Task item: From the line that has "今天一看到瑞星说免费了,就立" down to the last line of the data below, set down every line exactly, but none of the pictures.

Task input:
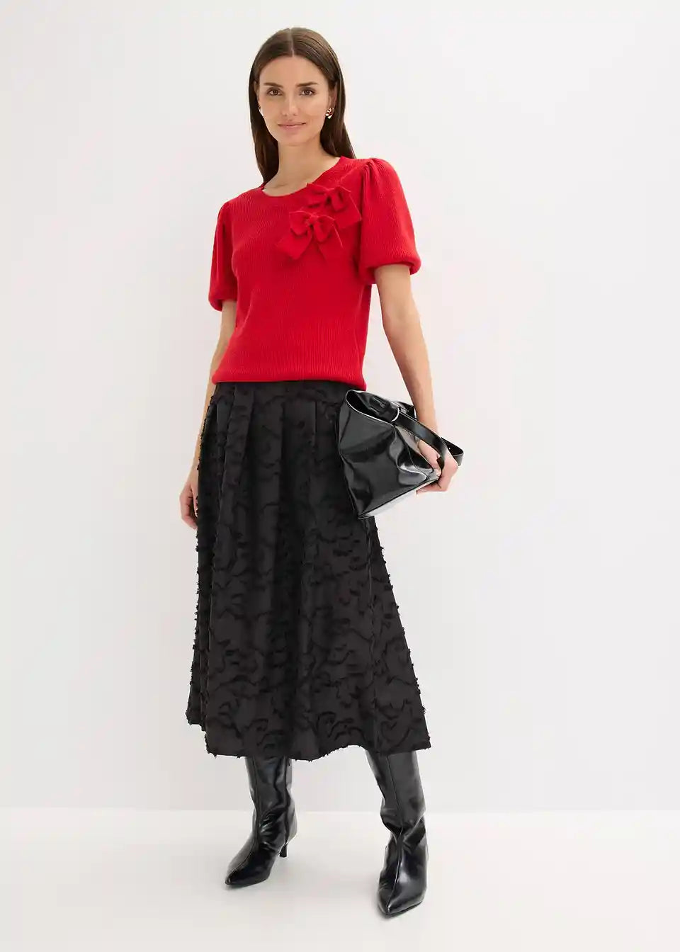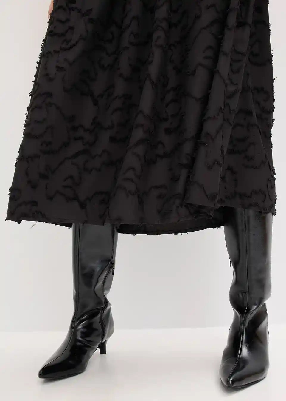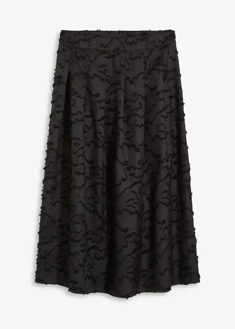 Modno midi krilo iz strukturiranega materiala z zadrgo na strani
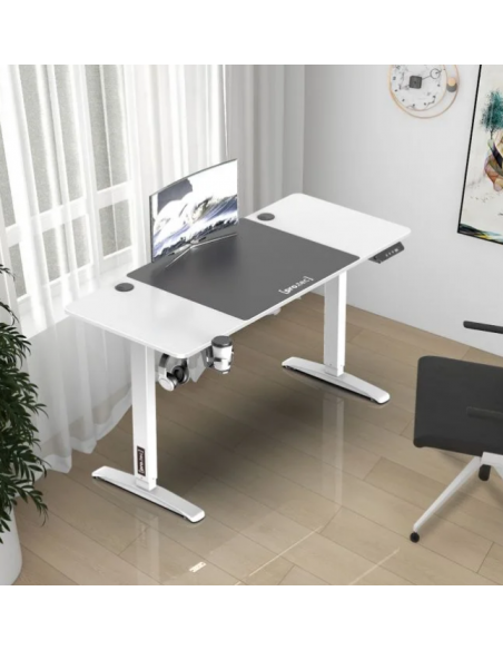 Hæve/Sænke skrivebord i aluminium og møbelplade 140 x 60 cm - Hvid
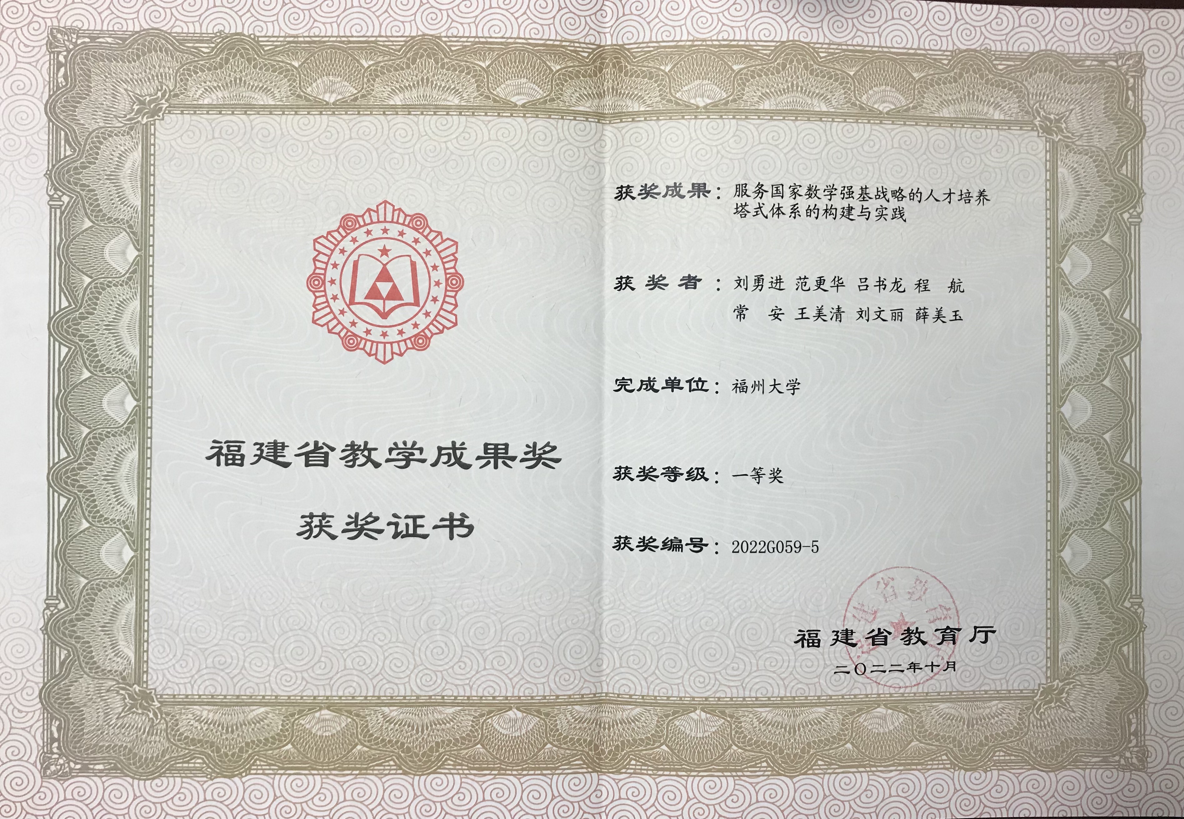 科研成果2:服务国家数学强基战略的人才培养塔式体系的构建与实践,获福建省高等教育教学成果一等奖。该成果基于“学生发展为中心”和服务“双一流”建设及国家数学强基战略,制定了数学学科服务“复合型、创新型和拔尖型”的塔式人才培养的体系架构和具体措施,培养的学生整体素质高,特别是数学基础扎实、数学应用水平高、创新意识浓厚、学科交叉融合好,在各类学科竞赛中成绩突出。其成果对全省人才培养模式改革具有较强的示范作用。
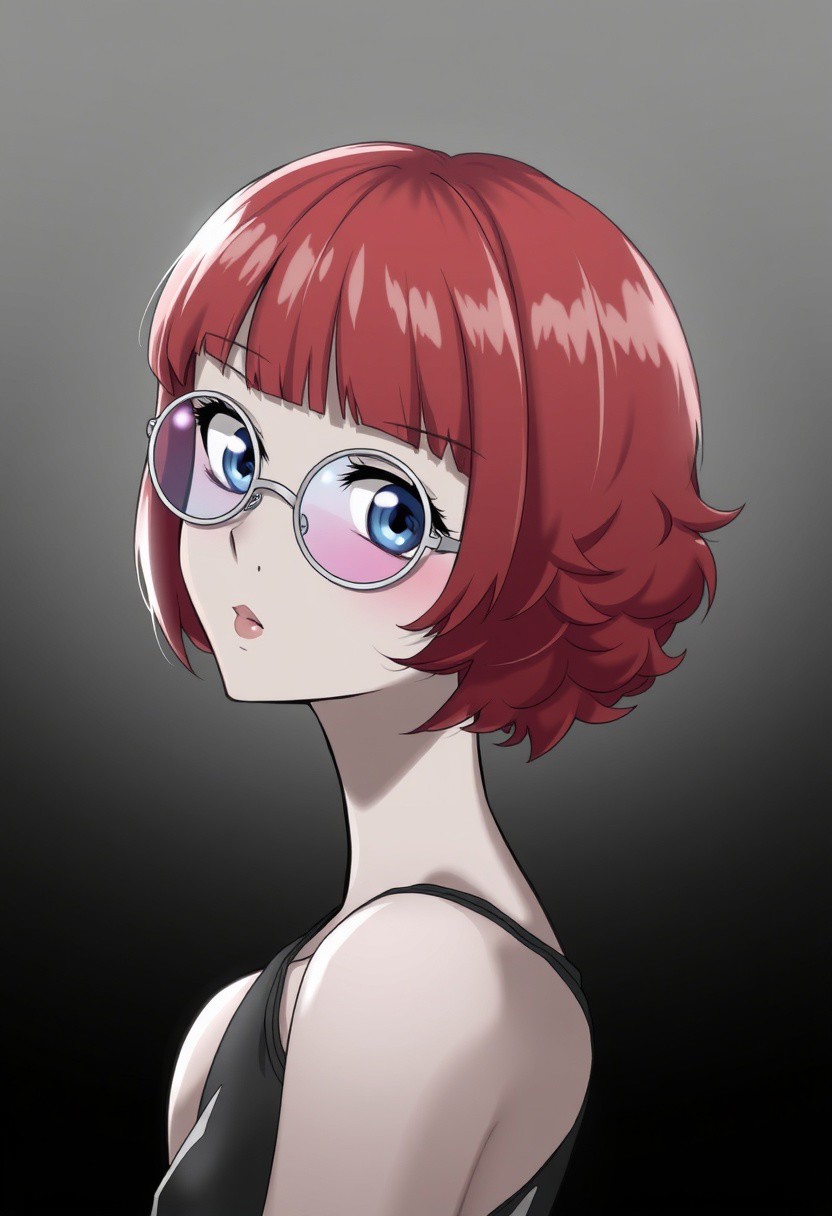 light from front, 1girl, solo,short hair,curly hair,looking at viewer, bangs, blue eyes, simple background, shirt,red hair,bare shoulders, monochrome, upper body, parted lips, glasses, sleeveless, blunt bangs, mole, lips,looking to the side, gradient background, eyelashes, mole under lip, sleeveless shirt, makeup,sunglasses, lipstick, portrait, close-up, pink lips, round eyewear, limited palette, tinted eyewear,looking over eyewear, white-framed eyewear,light blue-tinted eyewear, pink-tinted eyewear,
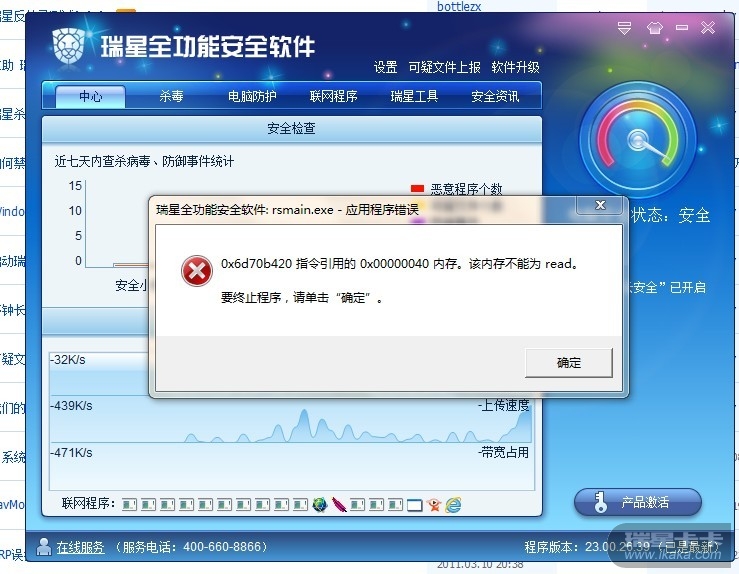 今天一看到瑞星说免费了,就立刻下载了RIS,安装好后,主界面上有修复,点击修复电脑防护,就弹出窗口报错,升级完毕后操作其他设置选项后,只要点应用或者确定,就弹窗报错,都是一个错误,不知道是怎么回事,操作系统是WIN7PRO,IE9RC,上图如下:
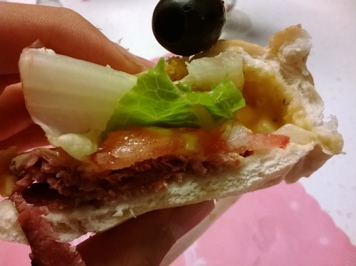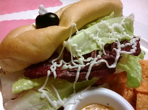 蒙特婁燻牛肉鮮蔬軟法堡佐起司$195
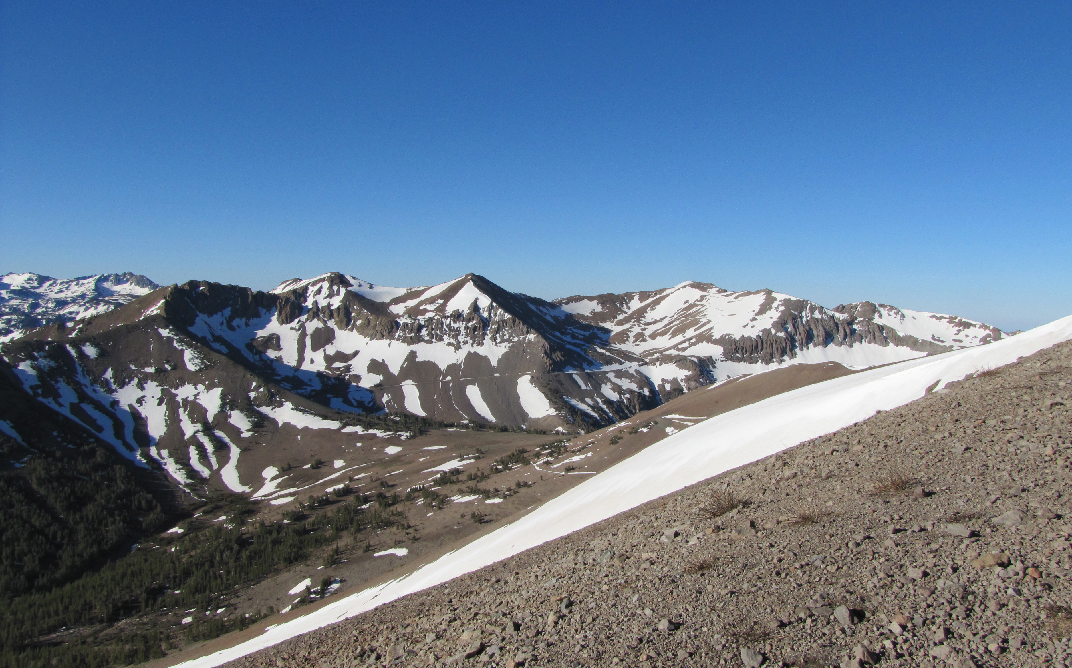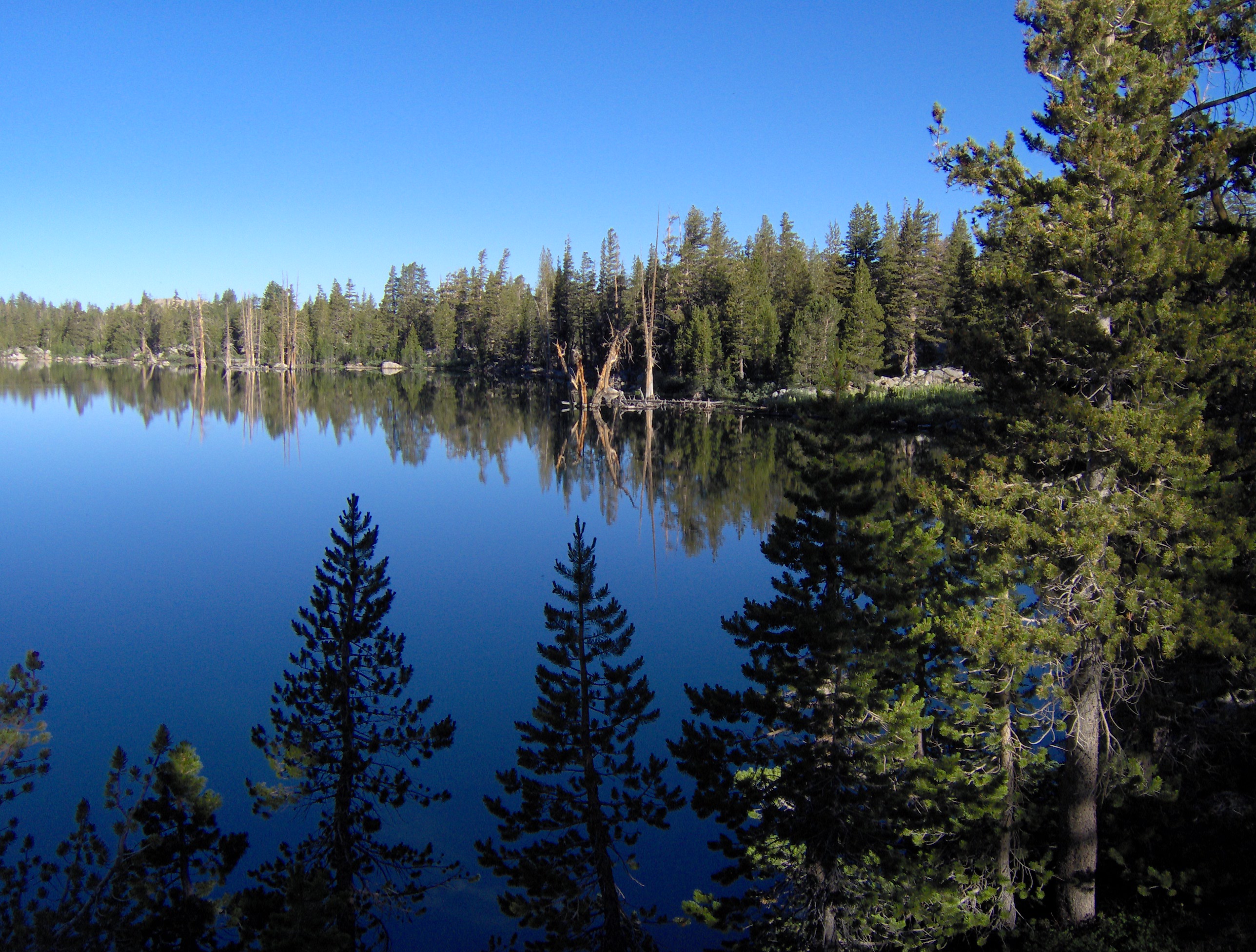 We usually start at Leavitt Lake, hike south over Big Sam (elevation 10,825 feet / 3299 m, Google Maps), down the North Fork of Cherry Creek to High Emigrant Lake, then on to Emigrant Meadow Lake, Lost Lake, sometimes to Emigrant Lake, other times up Emigrant Pass to Snow Lake.

Response:
 今天一看到瑞星说免费了,就立刻下载了RIS,安装好后,主界面上有修复,点击修复电脑防护,就弹出窗口报错,升级完毕后操作其他设置选项后,只要点应用或者确定,就弹窗报错,都是一个错误,不知道是怎么回事,操作系统是WIN7PRO,IE9RC,上图如下:
 蒙特婁燻牛肉鮮蔬軟法堡佐起司$195
 We usually start at Leavitt Lake, hike south over Big Sam (elevation 10,825 feet / 3299 m, Google Maps), down the North Fork of Cherry Creek to High Emigrant Lake, then on to Emigrant Meadow Lake, Lost Lake, sometimes to Emigrant Lake, other times up Emigrant Pass to Snow Lake.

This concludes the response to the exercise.